INTRO
Steven asked that I isolate gDNA from a subset of lake trout (S.namaycush) liver samples (GitHub Issue).
METHODS
DNA Isolation
DNA was isolated using the Quick-DNA Miniprep Kit (ZymoResearch), according to the manufacturer’s protocol - including the recommended addition of beta-mercaptoethanol to the lysis buffer. Liver tissues had been stored @ -20oC in RNALater (Ambion). I thawed the tubes, transferred the entire liver tissue (which was very small) to a disposable mortar/pestle combo (1.5mL tube) and homogenized. DNA was eventually eluted with 50uL of Elution Buffer.
Subsequently, DNA was quantified using the 1x dsDNA Broad Range Qubit Assay (ThermoFisher). One microliter of sample was combined with 199uL of the dye/buffer mix and measured on a Qubit 3.0.
DNA was stored in a box labelled “Lake Trout Liver gDNA” in the FTR 209 -20oC freezer.
Agarose gel
Approximately 0.1uL of each sample was run an a 0.8% low-TAE agarose gel, stained with ethidium bromide. This was done just to spot check samples and I wasn’t concerned about loading exact quantities of DNA (or equal quantities) across samples. Sample volumes were mixed with 10uL of H2O and 2uL of 6x Orange DNA Loading Dye (Thermo Scientific).
The gel was run @ 107V for ~45mins and then imaged.

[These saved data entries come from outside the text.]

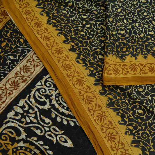 Indian Vintage Sari Brown Printed Sarees 100% Pure Cotton Craft Fabric 5Yd Sewing Soft Sarong Wrap Boho Dress Making Crafting Upcycle
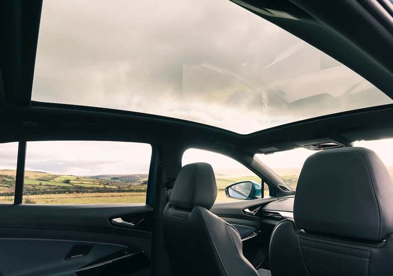 Interior view of Volkswagen ID.5 highlighting the panoramic glass roof that brightens the cabin space.
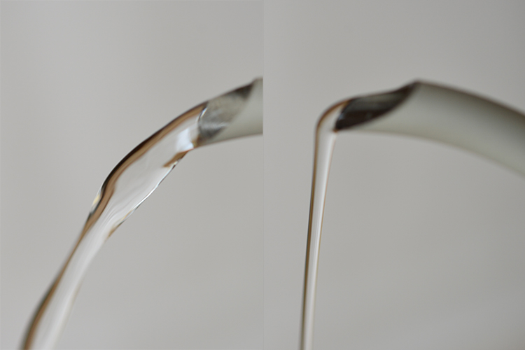 ▲斜めにカットされた注湯口と、緩やかな曲線のノズル
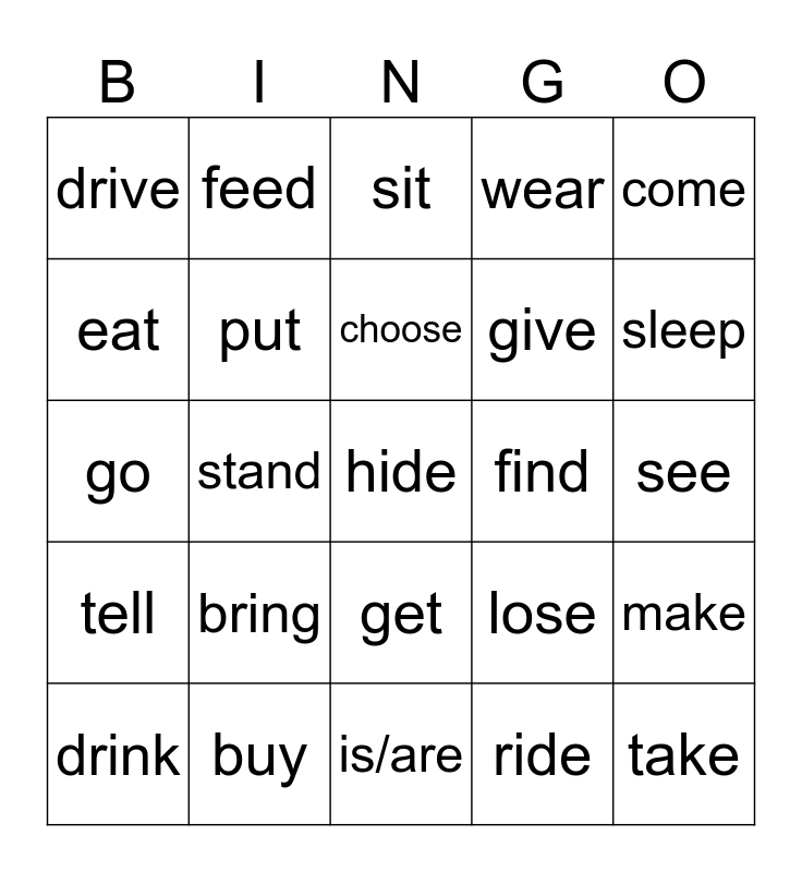 This bingo card has a free space and 24 words: bring, buy, choose, drink, come, drive, eat, feed, find, get, give, go, lose, make, put, ride, see, sit, sleep, stand, take, tell, wear and is/are.
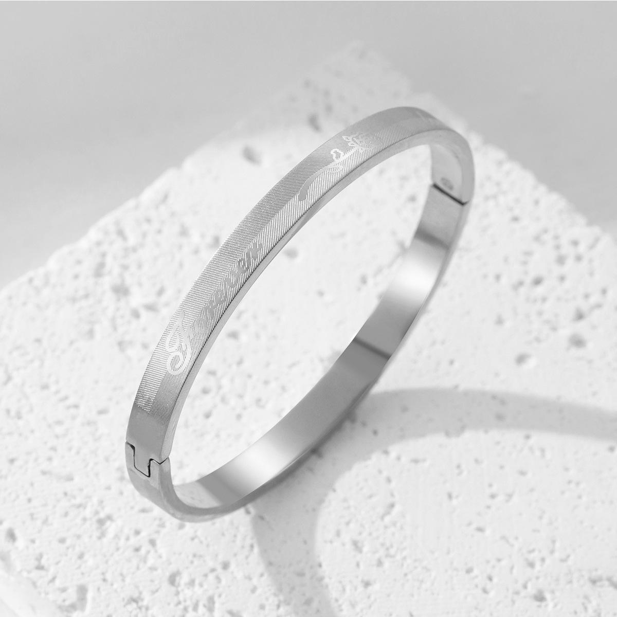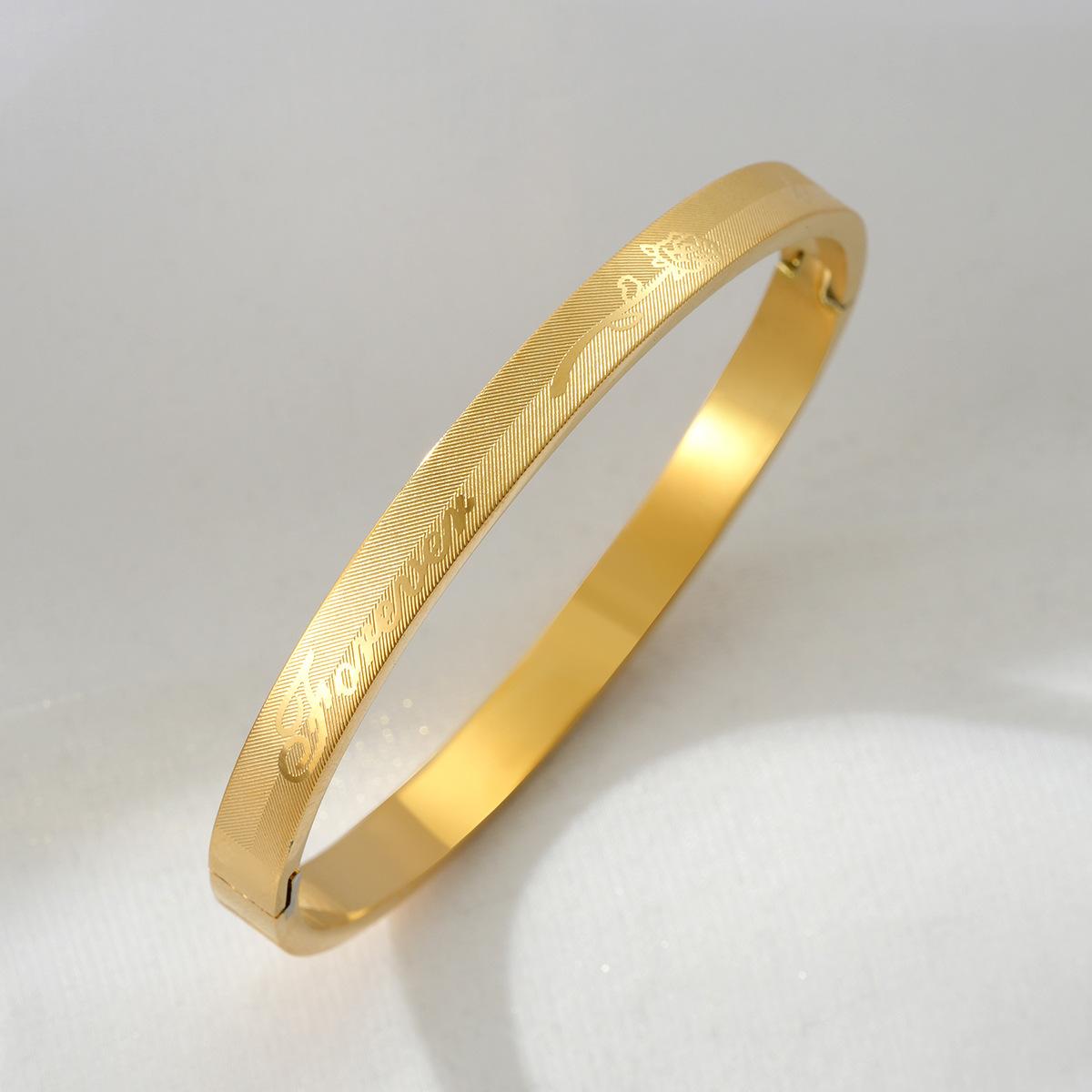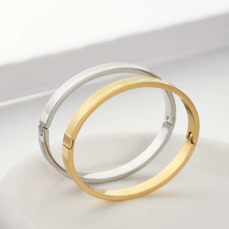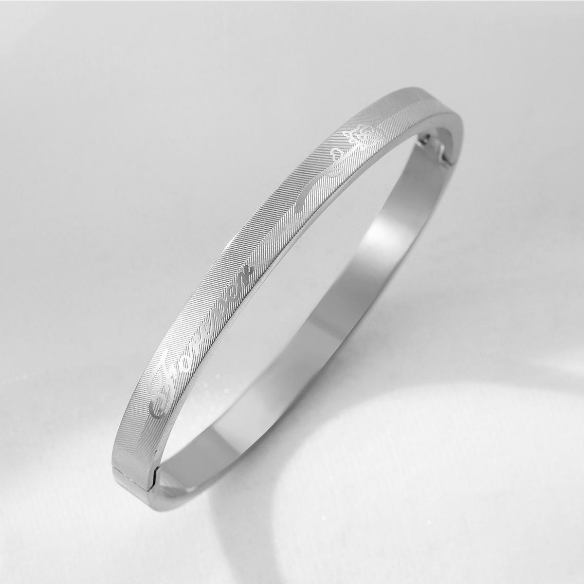 Fabricantes de pulseras de acero de titanio al por mayor, pulsera ajustable abierta en forma de C, pulsera femenina de acero inoxidable con logotipo de texto grabado.
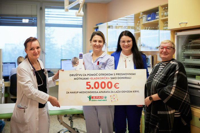 Ljubljana, 1. marec 2023 - Društvu za pomoč otrokom s presnovnimi motnjami, ki deluje v okviru Pediatrične kliniki v Ljubljani, je Spar Slovenija podaril 5.000 evrov. Z donacijo, ki je potekala pod okriljem Sparove akcije Super Foodies, so Društvo podprli pri načrtovanem nakupu medicinskega aparata za lažji odvzem krvi pri najmlajših otrocih.
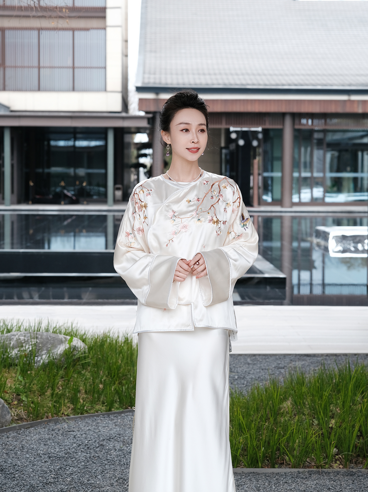 盛唐婧 |圆领团花丝麻提花宽袖上衣-白色
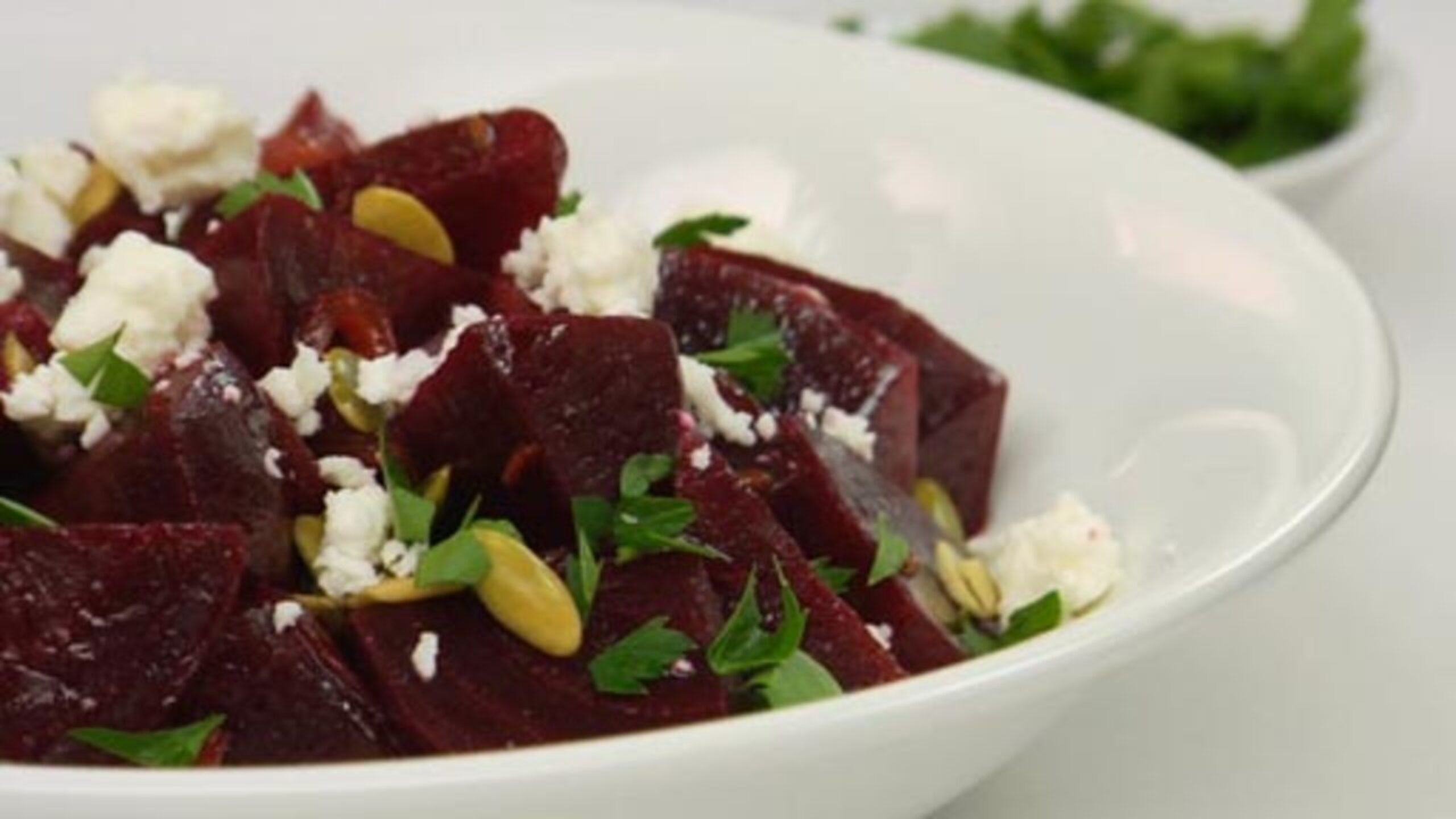 Divide some of the beets among the plates. Sprinkle with the pumpkin seeds, feta cheese, sliced onions, chilies and parsley and repeat until the ingredients are used up. Serve.

O’GeneRuler DNA Ladder Mix, Ready-to-Use 100-10,00bp (Thermo Scientific) was used (5uL) for size reference:
RESULTS
Qubit data
| sample_ID | Original sample conc. (ng/uL) | yield(ng) |
|---|---|---|
| FA046 | 224 | 8960 |
| FA047 | 984 | 39360 |
| FA048 | 1180 | 47200 |
| FA049 | 584 | 23360 |
| FA050 | 185 | 7400 |
| FA051 | 990 | 39600 |
| FA055 | 770 | 30800 |
| FA056 | 792 | 31680 |
Yield calculation is based on a total sample volume of 40uL. This is likely a conservative volume estimation for each sample, so the total yield is likely a bit higher for each.
Agarose Gel
Samples were loaded in numerical order, left to right.
Samples FA47 and FA48 have the most prominent bands, but faint bands are visible in all the other lanes (you may need to squint, LOL). Low visibility of bands is most likely due to the inaccuracy involved with attempting to pipette 0.1uL using a P10 pipette… All bands are high molecular weight and don’t show any evidence of degradation (smearing).